In retail this strategy is applied to items large and small, and it can also be effective in small amounts such as $1,49 vs. $1.50. Even though the difference can be only a few cents, charm prices drive sales more than whole prices. With Nayax’s cashless payment solutions installed on your vending machine, this strategy can now be applied to your pricing. This strategy could also be effective with kiddie rides, laundromats and photo booths and other unattended machines.
2. PRICE ANCHORING
Sometimes consumers need a little context before they are prepared to buy a product. To boost vending sales of items consumers regard as too pricey, operators can consider a well-known retail tactic: price anchoring.
This is where retailers place premium products directly next to standard items to create a sense of pricing relativity for consumers.

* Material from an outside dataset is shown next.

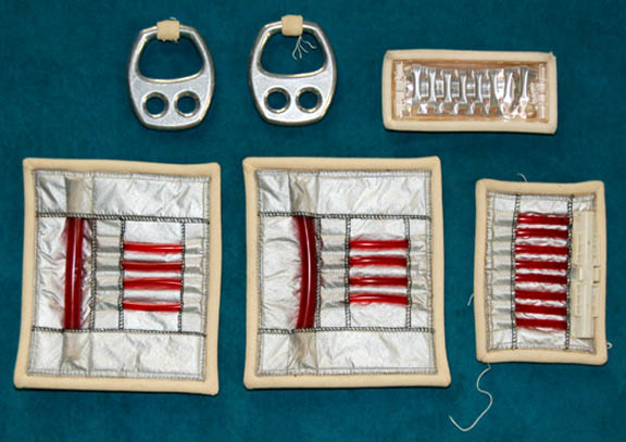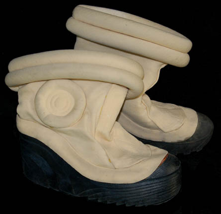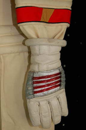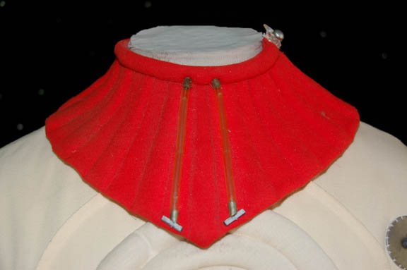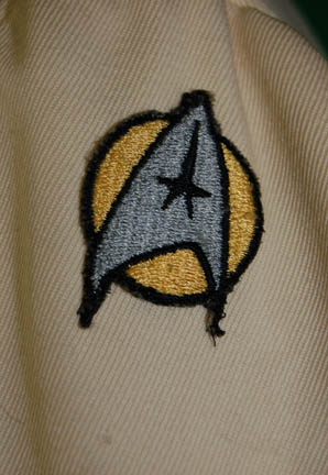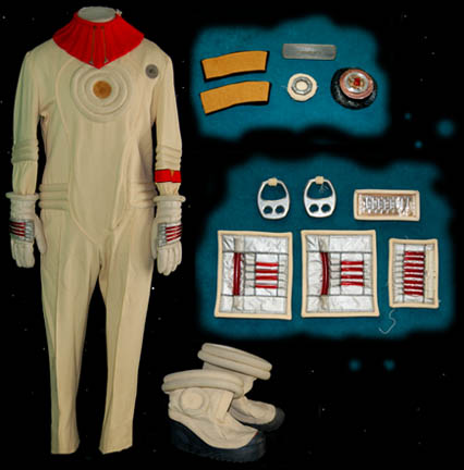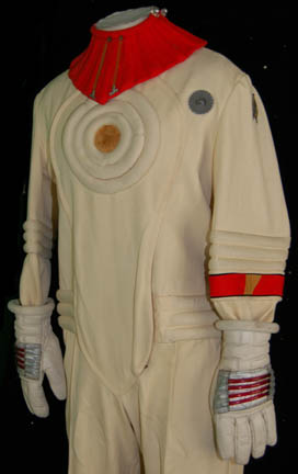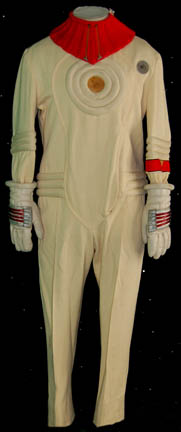 Description: A white engineering radiological trainee costume the style of which first appeared in Star Trek II: The Wrath of Khan and continued use through Star Trek VI: The Undiscovered Country. The costume is a full length white jumpsuit with a ribbed waist and elbows, a ribbed circle centerpiece, an affixed metal breath mask attachment on the left breast, an affixed yellow backed Starfleet emblem patch indicating the wearer to be part of the engineering division, and an affixed red division strip around the left forearm sleeve with a yellow flash indicating an intention to be in the engineering division. The costume also comes with matching boots with large black soles and gloves with red ‘thermal' tubing accents, two unattached leg ‘thermal’ units with red tubing and one for the arm, an unattached silver waist accent, a red ribbed collar with tubing accents, Velcro and snaps, an unattached foil and copper colored center chest placement, unattached yellow shoulder division strips, an unattached white placement with an affixed metal badge indicating the wearer to be a ‘petty officer 1st class’ rank, and a silver colored pin backed name plate reading ‘STRATH’. The costume also comes with a pair of unattached silver colored metal rigging loops for the front of the costume. The costume features two sewn in Paramount tags, one with a name.

This is why you sometimes see one or two high-end items in a store that don’t seem to sell much. The expensively priced item makes the consumer comfortable with the standard item’s pricing and can influence consumers to think the standard item’s pricing is reasonable.
This approach can also be used in vending where several items in similar categories are sold in one machine, such as different types of snacks and beverages. This increases the sales of items that would otherwise be considered expensive.
3. PRESTIGE PRICING
With cashless payment options, vending operators are now able to sell larger and pricier items including technology, brand cosmetics, luxury food items, or even wearables like clothing or shoes. If you sell more high-end products in your vending machine, prestige pricing might be the strategy for you.

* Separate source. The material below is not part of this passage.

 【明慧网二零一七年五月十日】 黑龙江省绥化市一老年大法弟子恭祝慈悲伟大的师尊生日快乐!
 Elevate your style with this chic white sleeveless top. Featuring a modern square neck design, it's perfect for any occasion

In prestige pricing, unlike charm pricing, vendors price items in whole numbers and leave off the decimals. Whole-numbered prices communicate to consumers that items are high end and luxurious. The markup in pricing is not for any reason beyond the fact that if the item is marked too low, the consumer will wonder if the item is faulty or think it undesirable.
4. PRICE VARIATION
If there are too many options in a category it can be difficult for consumers to choose what product they want. A large range of products can even discourage a purchase. Similarly, if there are too many options in the same price category, shoppers may have a hard time deciding which product to buy.
In this situation consumers might choose not to act and put off the decision, deterring impulse shopping. With cashless payments, operators can vary the prices by tens of cents, and defuse any indecision. Operators can also look at the most and least popular selling items in a machine via Nayax’s Management Suite and play with price to determine the best pricing for their product mix.
CUSTOMIZE YOUR PRICING STRATEGY
These are a handful of popular retail psychological price strategies that vending operators can adapt when pricing their product mixes. We encourage you to try some of these strategies out and see how your sales rise. Don’t forget to use the data in Nayax’s management software to find a happy medium for your pricing strategy.